"I smacked her clean off her seat, smacked her into the next room screaming f*** who is it?" Te Hiko told the court.
He continued the attack, knocking her off the toilet seat where she was sheltering and throwing her around so her blood was left on the walls, while demanding she unlock her phone so he could see who she'd been texting.
He disputed a forensic pathologist's claim Ms Thompson had been hit at least 70 times, saying it was more like four or five.
When his partner lost control of her bladder and bowels, he said he cleaned her up, apologised and asked her to phone the police so they could come arrest him.
"She was just moaning, telling me to shut up," he said.
When she became unresponsive Te Hiko sat next to her with a loaded shotgun under his chin.

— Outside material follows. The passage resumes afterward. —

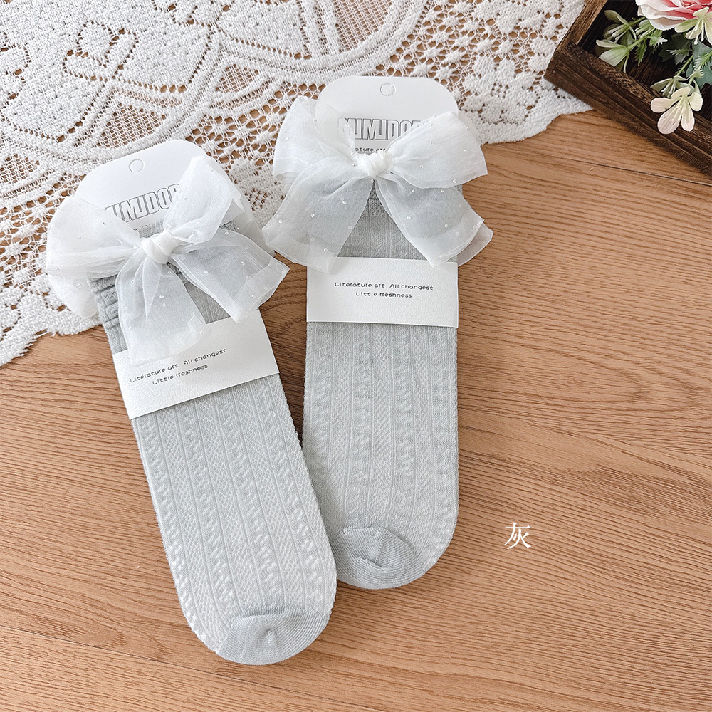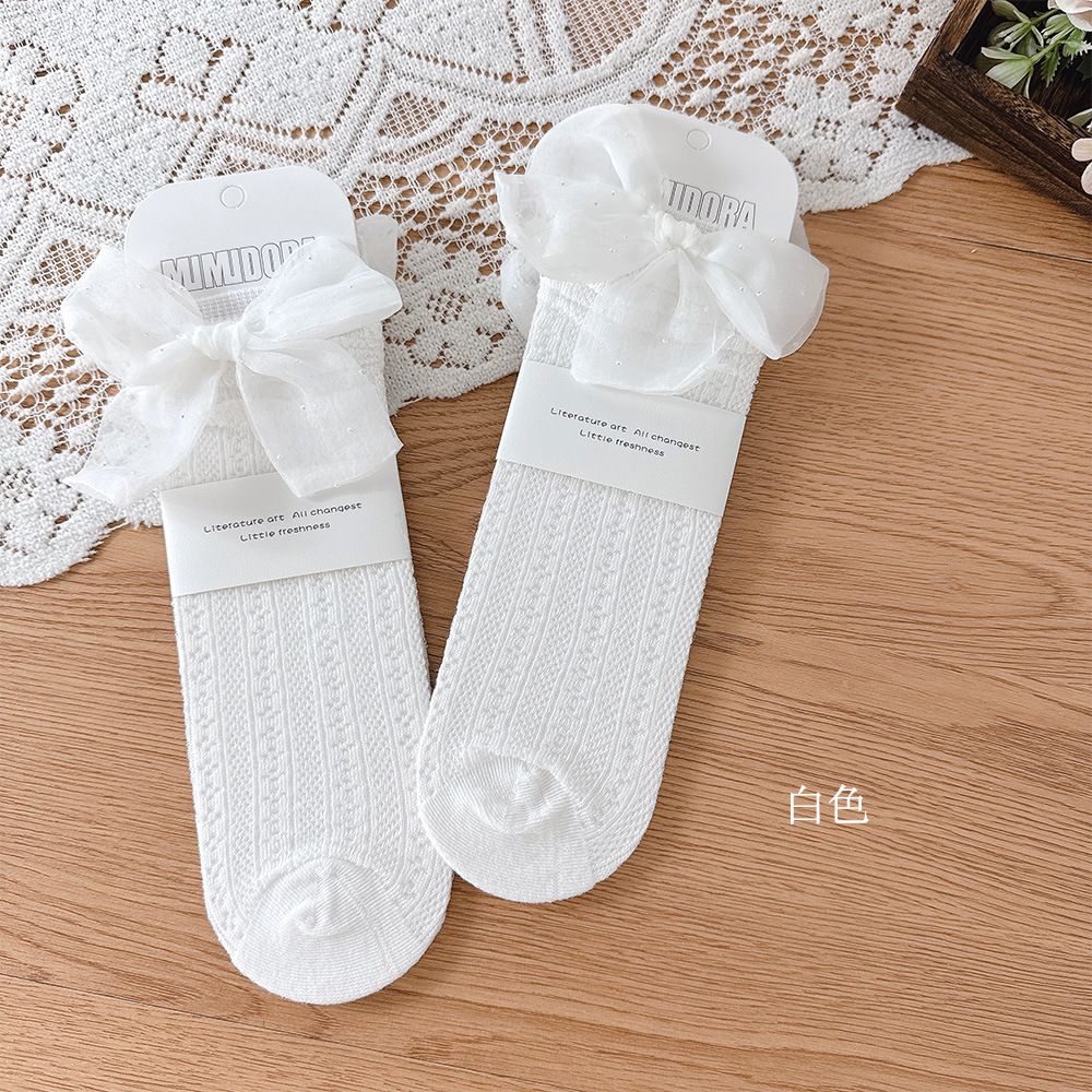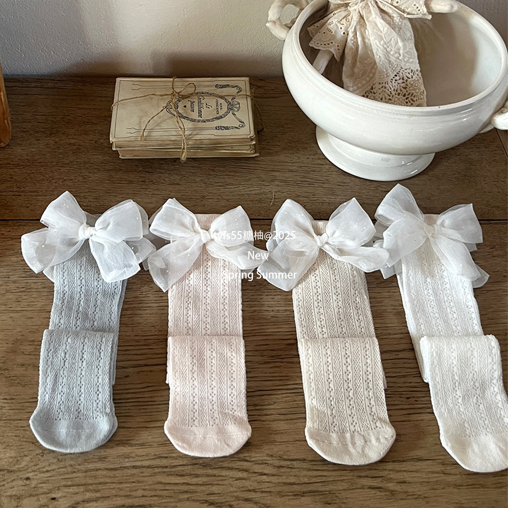 여름 대형 거즈 매듭 소녀 양말 한국 메쉬 통기성 어린이 중간 길이 양말 아기 뼈없는 얇은 면 양말 스타킹

He spoke of how he had freaked out when he hadn't been able to rouse her, kissed her, telling her to wake up but when she didn't, he had taken a shotgun from his wardrobe, loaded it, sat beside her on their bed and prepared to pull the trigger.
"Then I remembered my nephews were coming that morning to help skin two sheep and I didn't want them to find us like that," Te Hiko said through sobs.
He described unloading the gun then cuddling Ms Thompson to try to wake her.
He acknowledged he was unable to see her breathing or find a pulse but because she was warm he considered there was some hope she was alive.
To his lawyer, Harry Edward, he flatly denied striking Ms Thompson with the length of pipe the crown alleges he attacked her with.
He admitted he had "kicked her in the guts" before loading a P pipe for his second smoke of the night.
Referring to a phone call to a police officer, he denied saying he'd killed Ms Thompson, insisting what he had said was that he thought he'd killed her.
Questioned by crown solicitor Amanda Gordon about how much P he'd smoked that night Te Hiko responded "too much".
He told her his feet had been bare when he kicked Ms Thompson and he'd done so because he was in a rage; the kick had been to wind her.
Questioned about his denial he had used the pipe as a weapon, he said he had a theory about how it came to have blood on it.
"I say the police or ESR people put it there."
Prosecutor: "You chucked her on the bed and punched her in the head as she was trying to defend herself?"
Te Hiko: "I think so."
He agreed he knew he was assaulting her but not how much he was hurting her "because I am an alcoholic, a drug abuser".
The crown and defence will present their closing arguments on Monday.